Otra de las perspectivas que Lacan exploró -quizás menos evocada- es la que encontramos en el Seminario 6, en el que lee a Hamlet y lo interroga poniéndolo en tensión con Edipo, paradigma del héroe trágico-.

Encontramos ahí una dimensión en la que, más allá de su lado amable -humanizante- se trata del deseo como “el tormento del hombre”, como una “búsqueda que posee un carácter ciego”, como “un trastorno” o, apelando a sus raíces en el inconsciente, como “un discurso que se desarrolla en lo insensato”. El héroe trágico sería, pues, aquel cuyo destino -funesto, no todo destino lo es- muestra, desnuda, la ley inexorable que lo gobierna: la verdad del sujeto -su deseo- es efecto de un guion inscrito en el fantasma, que fija, además, la relación con el objeto y, en consecuencia, con una modalidad de goce.

En uno de sus textos de presentación del Seminario 6, Miller señala:

El objeto se carga de la significación de la hora de la verdad”, y el sujeto es convocado a un encuentro del que ignora lo esencial. Lacan lo formula así: “El sujeto está en algún lugar del fantasma, tal vez él mismo puede entreverlo, pero no puede decir el sentido de su posición: lo que de su ser sale a la luz, aquello por lo cual él está allí.
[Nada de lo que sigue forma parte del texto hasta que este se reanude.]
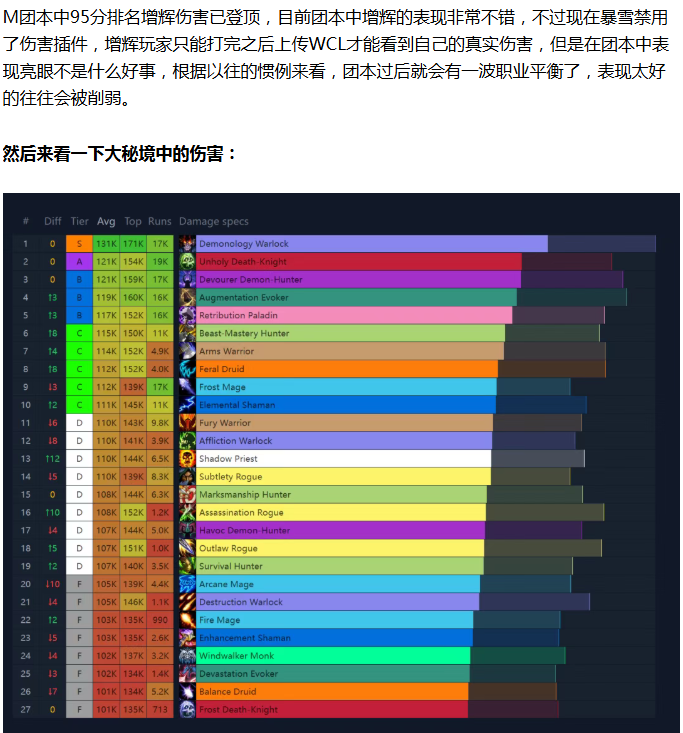 【魔兽世界】12.0 最新全职业伤害排行!增辉登顶DPS排行第一

Una lectura reciente me descubrió un personaje que, sin tener el alcance de Edipo o de Hamlet, pertenece, a mi juicio, a su mismo linaje.
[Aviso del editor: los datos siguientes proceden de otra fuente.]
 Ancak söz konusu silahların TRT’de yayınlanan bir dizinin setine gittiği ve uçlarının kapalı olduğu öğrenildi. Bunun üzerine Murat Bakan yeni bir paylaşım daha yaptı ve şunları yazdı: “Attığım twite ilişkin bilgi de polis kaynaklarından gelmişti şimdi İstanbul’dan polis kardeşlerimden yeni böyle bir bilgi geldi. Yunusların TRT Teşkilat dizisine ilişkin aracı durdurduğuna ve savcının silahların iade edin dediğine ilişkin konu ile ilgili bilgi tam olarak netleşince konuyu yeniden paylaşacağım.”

En base a la figura histórica de Thomas Beckett, el dramaturgo francés Jean Anouilh escribió Beckett o el honor de Dios, una obra extraordinaria en la que los avatares vitales de su protagonista responden a la lógica de un deseo irrenunciable. Deseo al que sirve cuando hacerlo le coloca en una posición de privilegio, pero también cuando descubre que su destino ha cambiado radicalmente de rumbo.

El joven Beckett inicia su formación eclesiástica, protegido muy pronto por el arzobispo de Canterbury quien, pocos años después, aconseja a Enrique II que lo tome a su servicio como consejero. Éste, reconociendo la sabiduría y la inteligencia política de Beckett, le nombra Canciller de Inglaterra (estamos en el siglo XII, muy lejos aún de la formación del Reino Unido), el cargo civil de mayor rango y de mayor influencia en las decisiones reales. Beckett -el Beckett de Anouilh- se pone así al servicio de un Reino que se tambalea frente al poder de los señores feudales y las exigencias de la propia Iglesia.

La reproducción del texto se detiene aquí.